*** Begin section ***

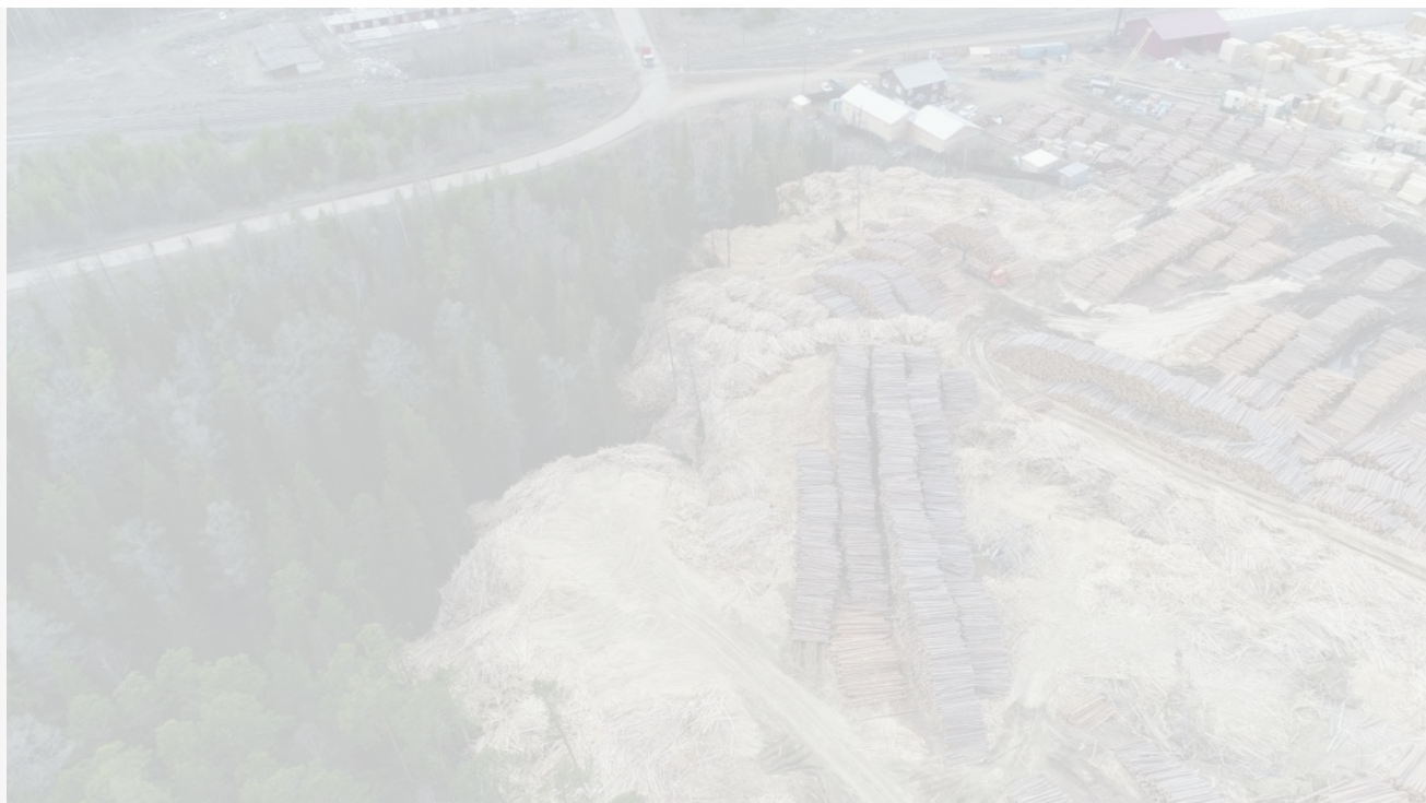
Фото из альбома "Лесная промышленность и лесозаготовки" © Фотобанк "RuBabr"
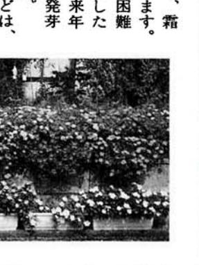
▲へいを見事に彩るハナスベリヒユの花
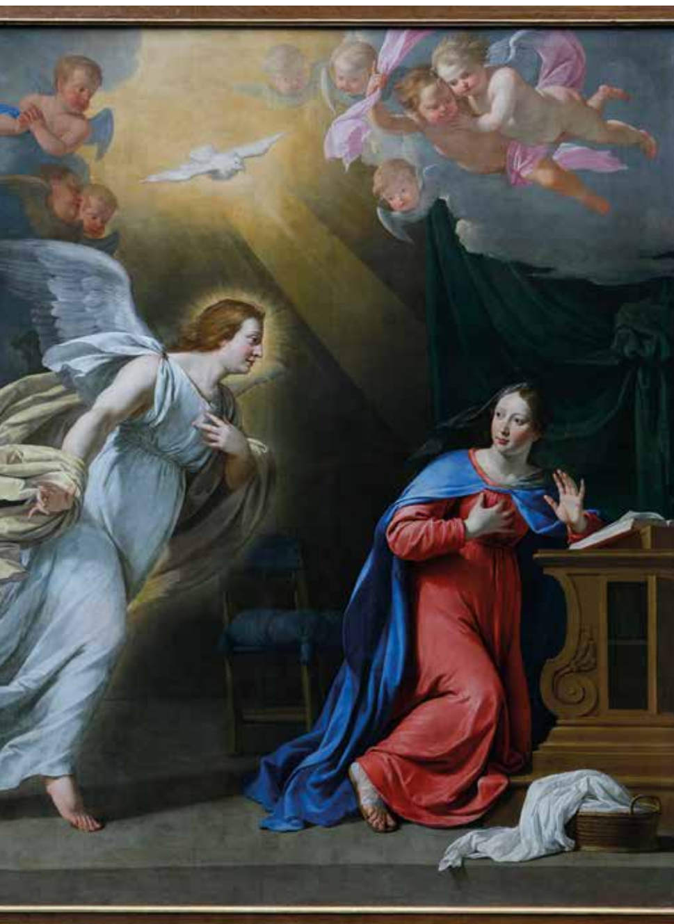
Philippe de Champaigne, Annonciation, ca. 1643, transept de la basilique Notre-Dame-du-Port © Ville de Clermont-Ferrand

À la Révolution, Notre-Dame-du-Port échappe de peu à la destruction complète, elle ne doit sa sauvegarde qu'à l'action des habitants du quartier qui la rachètent. Elle est rendue au culte, en 1802, et restaurée dans la première moitié du XIX e siècle. Parallèlement la dévotion à la Vierge noire de la crypte connaît un nouvel élan, soutenu par la volonté de l'Église d'affirmer la suprématie catholique sur la France. Deux événements concourent à faire de Notre-Dame-du-Port un lieu de pèlerinage majeur. En 1875, la Vierge noire est couronnée lors de fêtes grandioses rassemblant habitants de la ville et du diocèse. En 1880, le pape Léon XIII la promeut basilique mineure et, l'année suivante, elle est affiliée à Notre-Dame-de-Latran, ce qui permet d'octroyer des indulgences identiques à celles de la basilique romaine. En écho à ces reconnaissances officielles, la piété des fidèles se traduit par les centaines d'ex voto en marbre blanc installés dans la crypte.
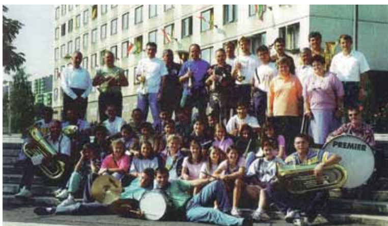
Skupinska fotografija, Madžarska 1996
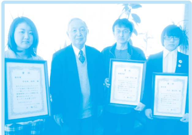
平成25年 富士山ピンバッジ新デザイン授賞式
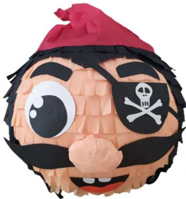
126. Pirat (masa papierowa), obwód 100 cm, H -35/40 cm
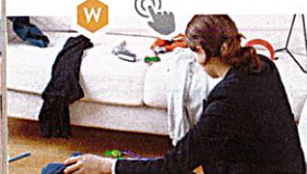
das Zimmer auf|räumen
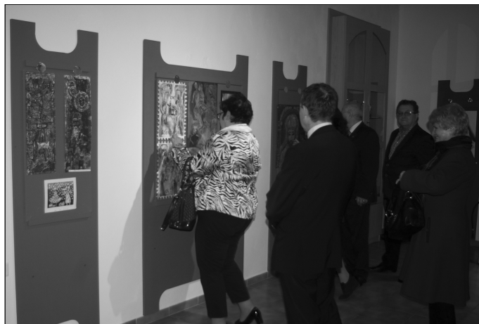
Z otvorenia výstavy
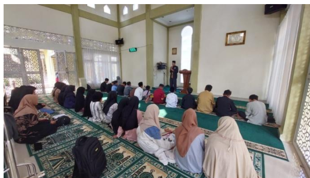
Gambar 2. Proses pemberian motivasi kepada peserta tahfiz.

Sebelum pendampingan dimulai, guru pendamping harus memberikan motivasi yang berkaitan dengan Al-Quran dan tahfiz serta menjelaskan manfaat menghafal Al-Quran agar peserta didik tertarik dan termotivasi untuk melakukannya (Gambar 2). Motivasi untuk menghafal Al-Quran bisa datang dari dukungan guru tahfiz, untuk itu penting sekali bagi guru tahfiz untuk memberikan dukungan dan perhatian kepada peserta didik yang mengikuti tahfiz agar mereka semangat dalam menghafalkan ayat-ayat Al-Quran (Zaini, 2020).
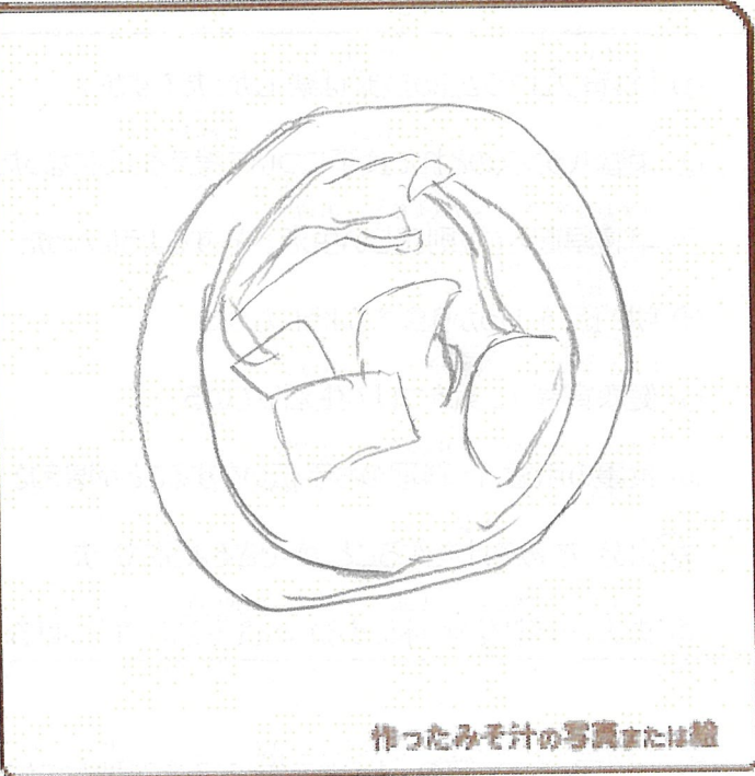
作ったみそ汁の写真または絵
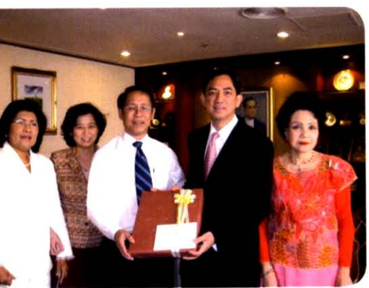
อายุพรปีใหม่ 2552 แด่การท่องเที่ยวแห่งประเทศไทย
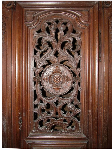
Détail du vantail central ajouré en partie supérieure.
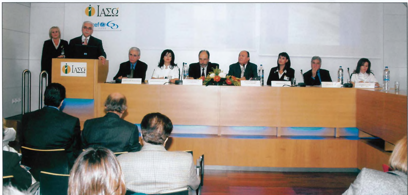
Ο Υφυπουργός του Υ.Υ.Κ.Α. κ. Γιαννόπουλος χαιρετίζει την Ημερίδα του Μητρικού Θηλασμού στο Μαιευτήριο "ΙΑΣΩ".

*** End section ***

> _Your task_:
Your answer must be an exact copy of the lines from the line with "作ったみそ汁の写真または絵" to the final line of the data, both ends included, and no pictures.

> _Output for this exercise_:
作ったみそ汁の写真または絵
อายุพรปีใหม่ 2552 แด่การท่องเที่ยวแห่งประเทศไทย
Détail du vantail central ajouré en partie supérieure.
Ο Υφυπουργός του Υ.Υ.Κ.Α. κ. Γιαννόπουλος χαιρετίζει την Ημερίδα του Μητρικού Θηλασμού στο Μαιευτήριο "ΙΑΣΩ".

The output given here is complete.